Supplied data:
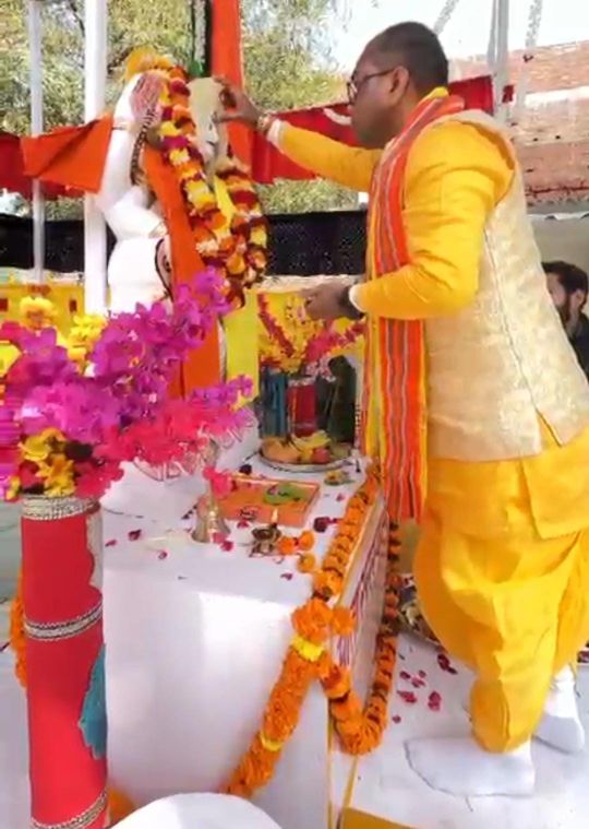 प्रतिष्ठित व्यवसाई अजय अग्रवाल ने वैदिक मंत्रोच्चार के साथ विधि विधान से किया मा सरस्वती का पूजन
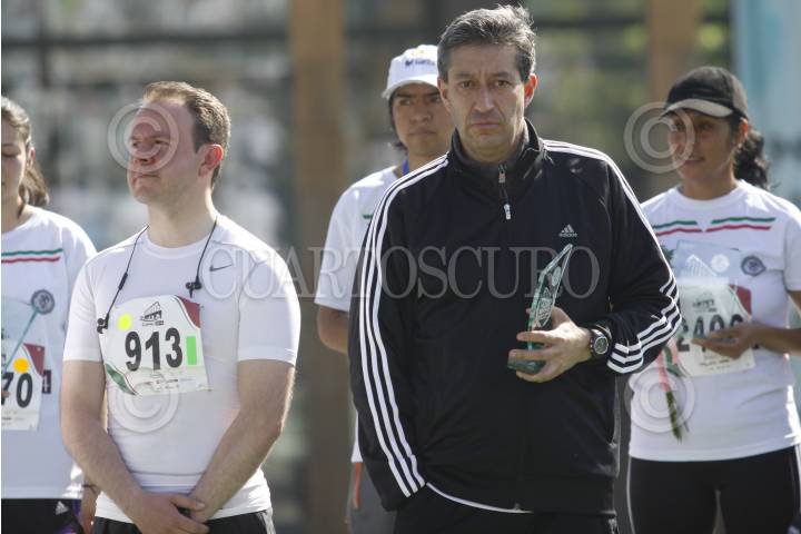 MÉXICO, D.F., 22MARZO 2014.- Roberto Miranda, Jefe del Estado Mayor y Enrique Peña Nieto, Presidente de México, encabezaron la carrera Molino del rey en el Bosque de Chapultepec. El Jefe del ejecutivo hizo en 53 minutos la carrera que organiza el Estado Mayor Presidencial; el año pasado hizo un tiempo de 54 minutos. En la imagen el Jefe del Ejecutivo se tomo la foto con los ganadores de las diferentes categorías. FOTO: MOISÉS PABLO /CUARTOSCURO.COM
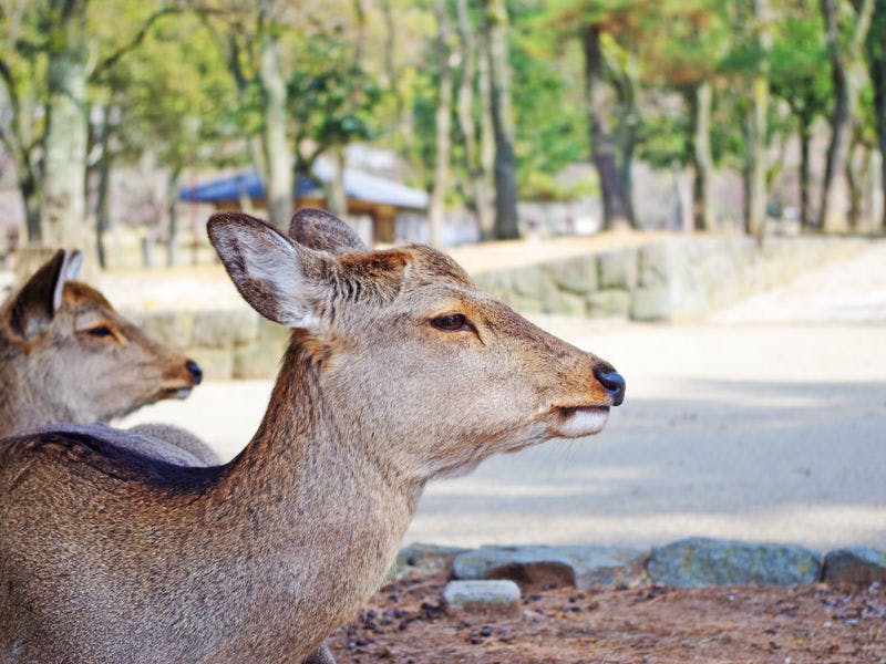 名勝奈良公園内に位置し、あたりの景観にしっくり溶け込む社寺風建築の落ち着いた佇まいです。世界遺産の東大寺・興福寺・春日大社等への観光にも近くて便利です。
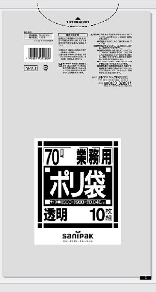 日本サニパック 業務用ゴミ袋 70L N-73 透明 10枚×40冊

How to complete this task:
Pictures do not belong in the copy; repeat the rest of the listing exactly.

Exercise solution:
 प्रतिष्ठित व्यवसाई अजय अग्रवाल ने वैदिक मंत्रोच्चार के साथ विधि विधान से किया मा सरस्वती का पूजन
 MÉXICO, D.F., 22MARZO 2014.- Roberto Miranda, Jefe del Estado Mayor y Enrique Peña Nieto, Presidente de México, encabezaron la carrera Molino del rey en el Bosque de Chapultepec. El Jefe del ejecutivo hizo en 53 minutos la carrera que organiza el Estado Mayor Presidencial; el año pasado hizo un tiempo de 54 minutos. En la imagen el Jefe del Ejecutivo se tomo la foto con los ganadores de las diferentes categorías. FOTO: MOISÉS PABLO /CUARTOSCURO.COM
 名勝奈良公園内に位置し、あたりの景観にしっくり溶け込む社寺風建築の落ち着いた佇まいです。世界遺産の東大寺・興福寺・春日大社等への観光にも近くて便利です。
 日本サニパック 業務用ゴミ袋 70L N-73 透明 10枚×40冊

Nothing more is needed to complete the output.